◆ INFORMATION ◆
● ● ● ● ● ● ●
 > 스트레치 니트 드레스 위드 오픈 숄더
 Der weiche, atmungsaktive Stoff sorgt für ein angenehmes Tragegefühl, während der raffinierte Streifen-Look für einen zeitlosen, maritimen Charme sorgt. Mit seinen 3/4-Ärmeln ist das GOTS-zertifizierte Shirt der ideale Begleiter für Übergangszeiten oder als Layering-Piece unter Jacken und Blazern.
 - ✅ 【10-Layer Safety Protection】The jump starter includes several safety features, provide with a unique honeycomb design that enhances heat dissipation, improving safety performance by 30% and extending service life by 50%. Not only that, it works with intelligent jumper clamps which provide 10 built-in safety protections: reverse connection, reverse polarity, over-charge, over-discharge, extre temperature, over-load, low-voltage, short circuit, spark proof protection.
● ● ● ● ● ● ●
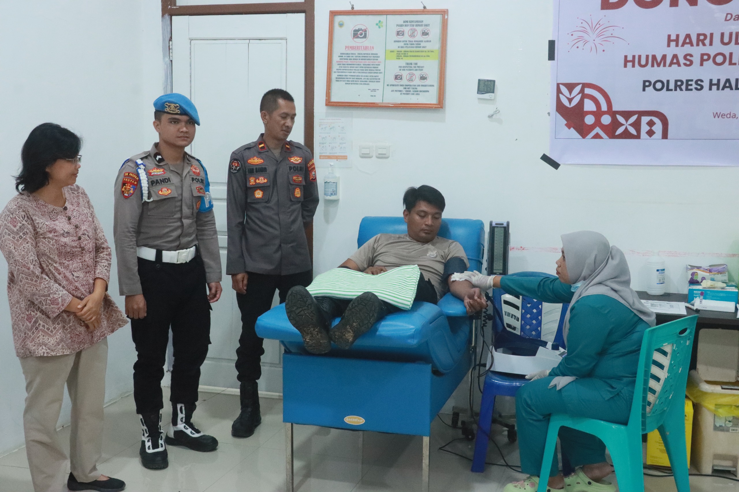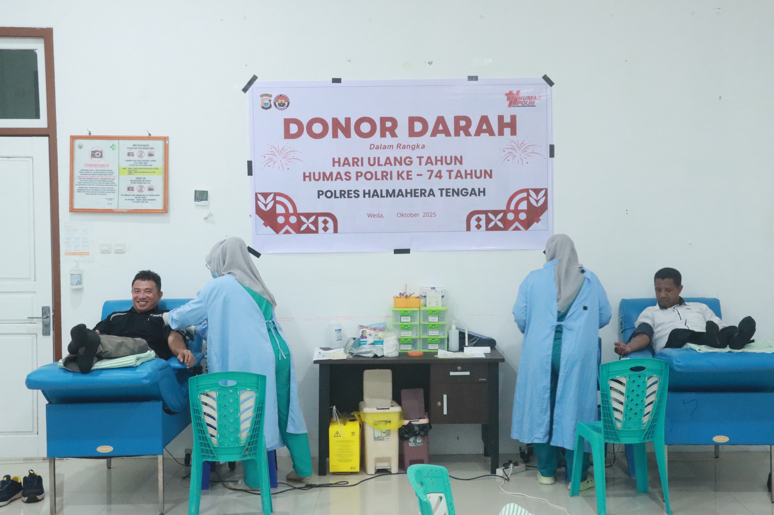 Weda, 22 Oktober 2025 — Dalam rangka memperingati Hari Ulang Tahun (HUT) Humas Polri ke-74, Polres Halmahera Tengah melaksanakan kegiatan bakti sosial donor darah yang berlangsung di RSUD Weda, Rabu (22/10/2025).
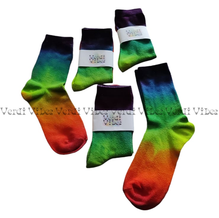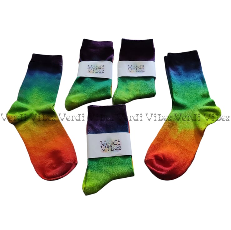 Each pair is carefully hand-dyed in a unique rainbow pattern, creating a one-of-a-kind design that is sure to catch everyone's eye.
● ● ● ● ● ● ●
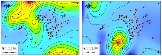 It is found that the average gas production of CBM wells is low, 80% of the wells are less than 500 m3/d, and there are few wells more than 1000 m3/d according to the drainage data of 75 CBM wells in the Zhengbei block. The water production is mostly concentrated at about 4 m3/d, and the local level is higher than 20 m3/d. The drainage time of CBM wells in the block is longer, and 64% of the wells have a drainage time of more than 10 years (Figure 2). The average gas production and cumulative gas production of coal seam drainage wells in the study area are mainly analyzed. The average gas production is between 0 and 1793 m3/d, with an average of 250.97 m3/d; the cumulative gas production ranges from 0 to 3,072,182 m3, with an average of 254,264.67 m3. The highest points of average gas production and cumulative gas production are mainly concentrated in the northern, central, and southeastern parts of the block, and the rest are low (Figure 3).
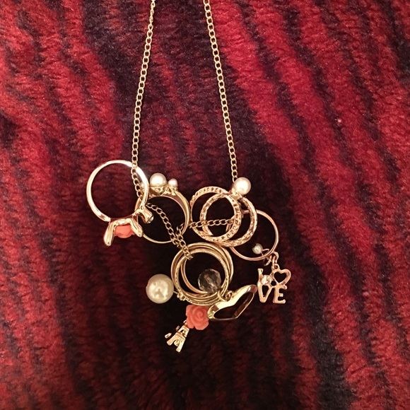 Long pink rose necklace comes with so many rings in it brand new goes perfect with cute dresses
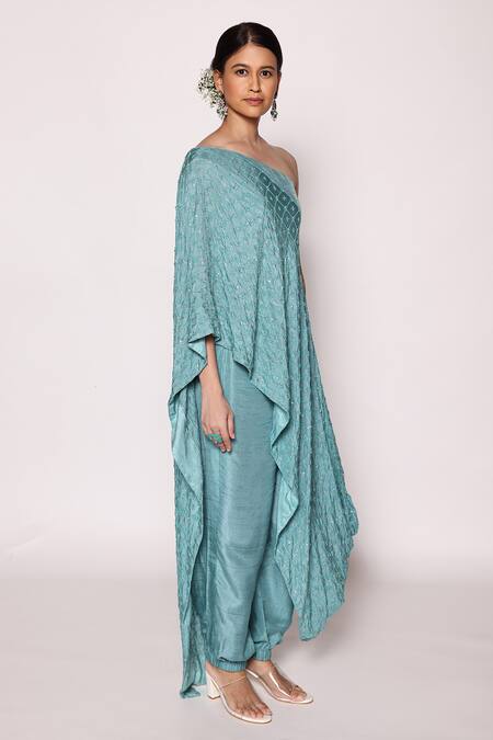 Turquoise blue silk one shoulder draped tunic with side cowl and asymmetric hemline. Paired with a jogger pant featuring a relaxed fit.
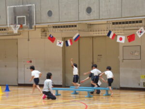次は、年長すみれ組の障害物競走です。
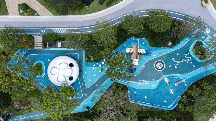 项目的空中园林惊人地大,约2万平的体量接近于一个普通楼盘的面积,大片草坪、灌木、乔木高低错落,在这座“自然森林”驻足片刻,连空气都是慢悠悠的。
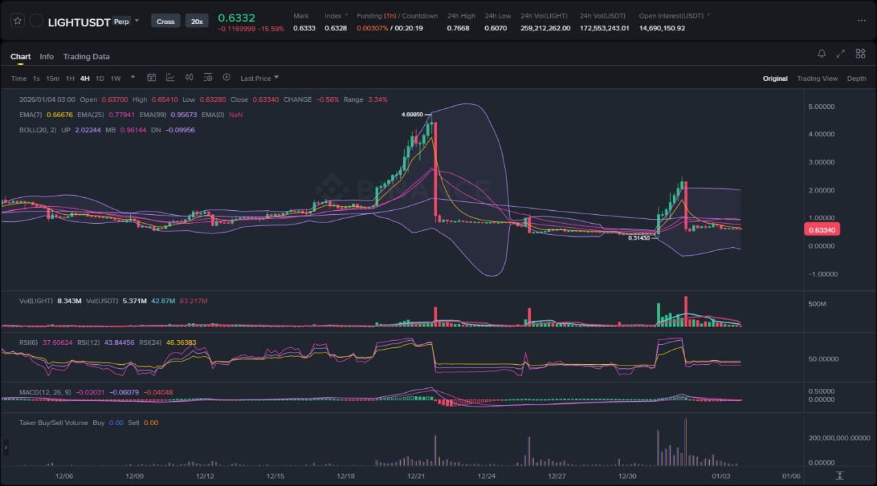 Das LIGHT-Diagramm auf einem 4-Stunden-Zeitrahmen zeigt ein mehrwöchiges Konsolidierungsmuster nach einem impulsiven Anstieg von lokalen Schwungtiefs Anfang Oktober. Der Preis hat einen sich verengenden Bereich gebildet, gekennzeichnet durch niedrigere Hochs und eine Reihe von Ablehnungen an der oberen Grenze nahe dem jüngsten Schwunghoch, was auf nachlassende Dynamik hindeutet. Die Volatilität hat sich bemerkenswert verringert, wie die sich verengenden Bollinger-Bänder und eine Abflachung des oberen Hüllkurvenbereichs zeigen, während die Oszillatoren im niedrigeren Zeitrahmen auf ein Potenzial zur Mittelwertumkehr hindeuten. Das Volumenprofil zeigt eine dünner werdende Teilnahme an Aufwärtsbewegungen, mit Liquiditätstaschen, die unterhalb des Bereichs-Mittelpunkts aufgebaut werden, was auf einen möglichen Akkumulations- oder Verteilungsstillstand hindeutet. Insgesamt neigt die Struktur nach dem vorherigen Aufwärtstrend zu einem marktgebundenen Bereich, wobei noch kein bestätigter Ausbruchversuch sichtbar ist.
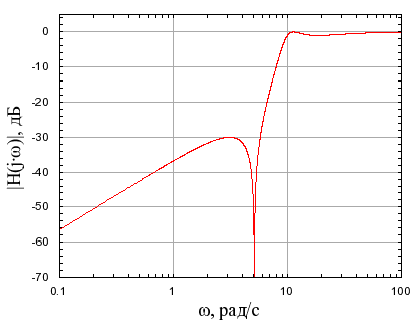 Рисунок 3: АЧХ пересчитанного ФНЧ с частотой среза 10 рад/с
● ● ● ● ● ● ●
◆ TASK PROMPT ◆
Everything from the line with "드레스 위드 오픈 숄더" through the line with "- ✅ 【10-Layer" in the listing above must be retyped exactly, with nothing added.

◆ OUTPUT ◆
 > 스트레치 니트 드레스 위드 오픈 숄더
 Der weiche, atmungsaktive Stoff sorgt für ein angenehmes Tragegefühl, während der raffinierte Streifen-Look für einen zeitlosen, maritimen Charme sorgt. Mit seinen 3/4-Ärmeln ist das GOTS-zertifizierte Shirt der ideale Begleiter für Übergangszeiten oder als Layering-Piece unter Jacken und Blazern.
 - ✅ 【10-Layer Safety Protection】The jump starter includes several safety features, provide with a unique honeycomb design that enhances heat dissipation, improving safety performance by 30% and extending service life by 50%. Not only that, it works with intelligent jumper clamps which provide 10 built-in safety protections: reverse connection, reverse polarity, over-charge, over-discharge, extre temperature, over-load, low-voltage, short circuit, spark proof protection.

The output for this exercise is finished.